What sounded absurd back then was certainly not that later on. You got lifestyle gurus (including a very successful one that just so happened to be the same culinary student I aforementioned), foods prepared with alternatives, and even regulations to adhere to people’s dietaries demands. Things sure have changed. 


RuPaul commenting on Andrea Beaman's elimination dish in episode 2
RuPaul's comment on her elimination dish in episode 2 wasn't gonna discourage her in the least bit...even if it was true

Even with her sentiment on being driven by the ways of the nutrition Gods, she still had a personality that came off more hip than hippie, and I found that to be quite enjoyable. Maybe it had something to do with her being from New York when the show was made, but I managed to catch on to some of her quips. Per examples include her making a comment of Miguel suggesting to get out of the house more when he lusts over fetish host Madam S in episode 2, joking that she didn’t win a spa vacation despite being victorious in episode 4, and the tire tracks comment during the reunion.  

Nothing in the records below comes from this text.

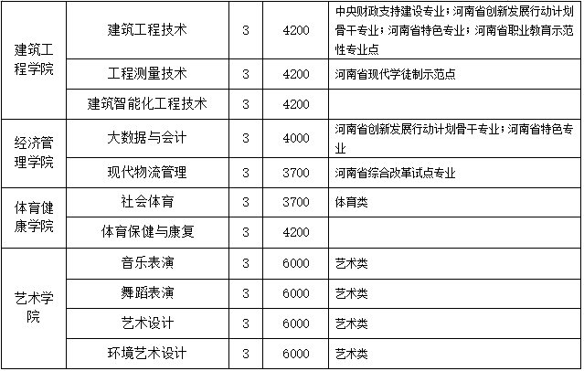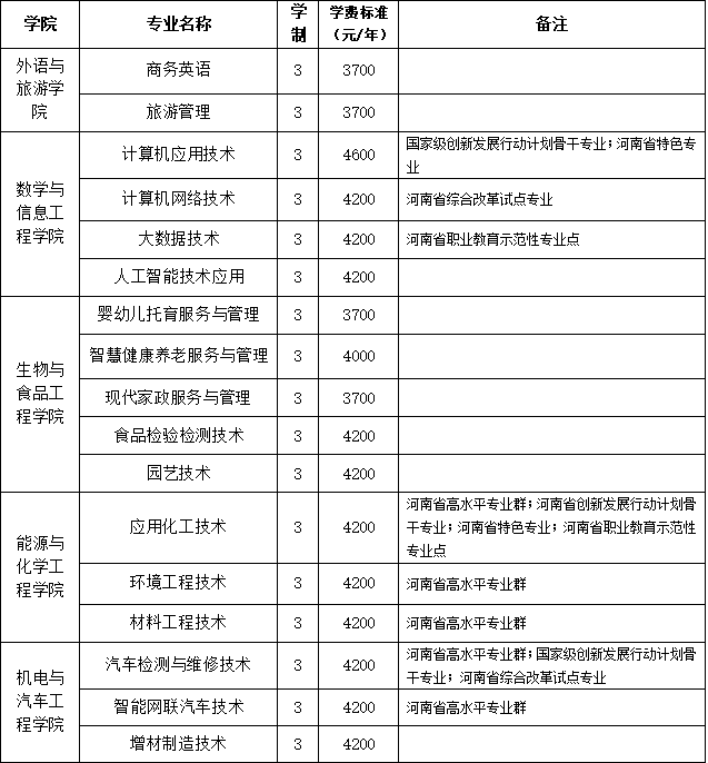 根据《河南省发展和改革委员会 河南省财政厅 河南省教育厅关于调整公办普通高校学费标准的通知》(豫发改收费[2020]456号)的文件精神,制定收费标准。其中,学费标准:文史类专业中智慧健康养老服务与管理、大数据与会计学费为4000元/生·年,其余专业学费为3700元/生·年;理工类专业中计算机应用技术学费为4600元/生·年,其余专业学费为4200元/生·年;艺术类专业学费6000元/生·年。住宿费标准:6人间700元/生·年,4人间800元/生·年。
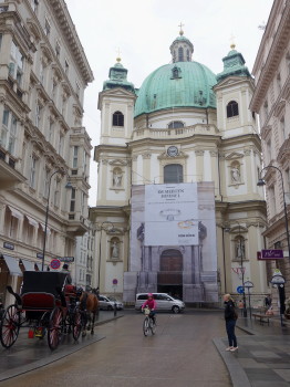 オイゲン公のベルヴェデーレ宮殿と同じヒルデブラントの設計で、1701〜33年に建設されたバロック建築のペーター教会は、
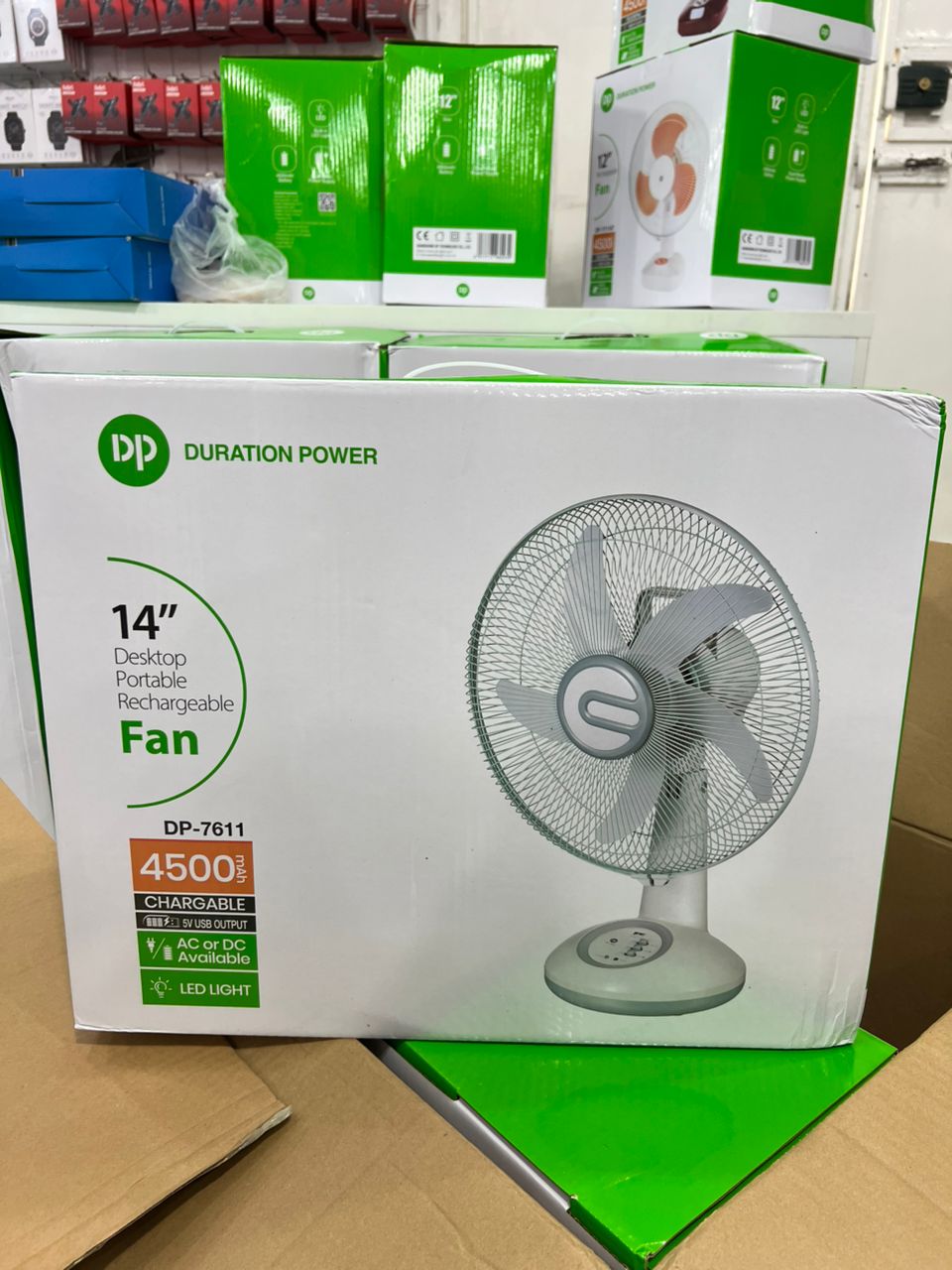 پنکه رومیزی قابل حمل و شارژی 14 اینچی DP-7611 از برند Duration Power است.
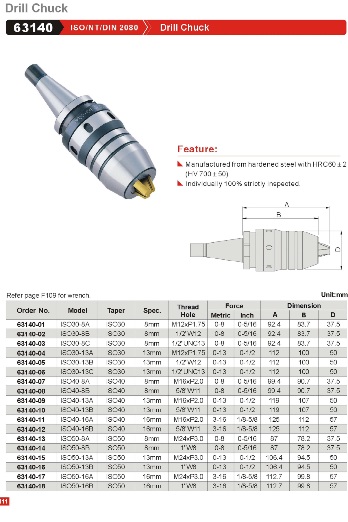 GinChan-63140 ISO/NT/DIN 2080 Drill Chuck,China manufacturer

Though Andrea ended up losing twice when she competed on season 1, she later came back on season 5 as a challenger for the elimination challenge involving alums from past seasons competing against the chefs currently competing. Winning her round of the battle, it was great to see her not only win but also continue her hip streak by implementing a spicy and flirty comment during the battle. She even took light of her being a “nuts and grains girl" in a confessional. 


Not being pressed was something Andrea showed off a lot, and it worked for both better and worse. While it didn't do much for the competition, it did give the viewer a clear understanding of her food. Whether you actually are or aren’t with her sentiments, you do recognize that those are her sentiments, and that's something that is quite finesse if you ask me.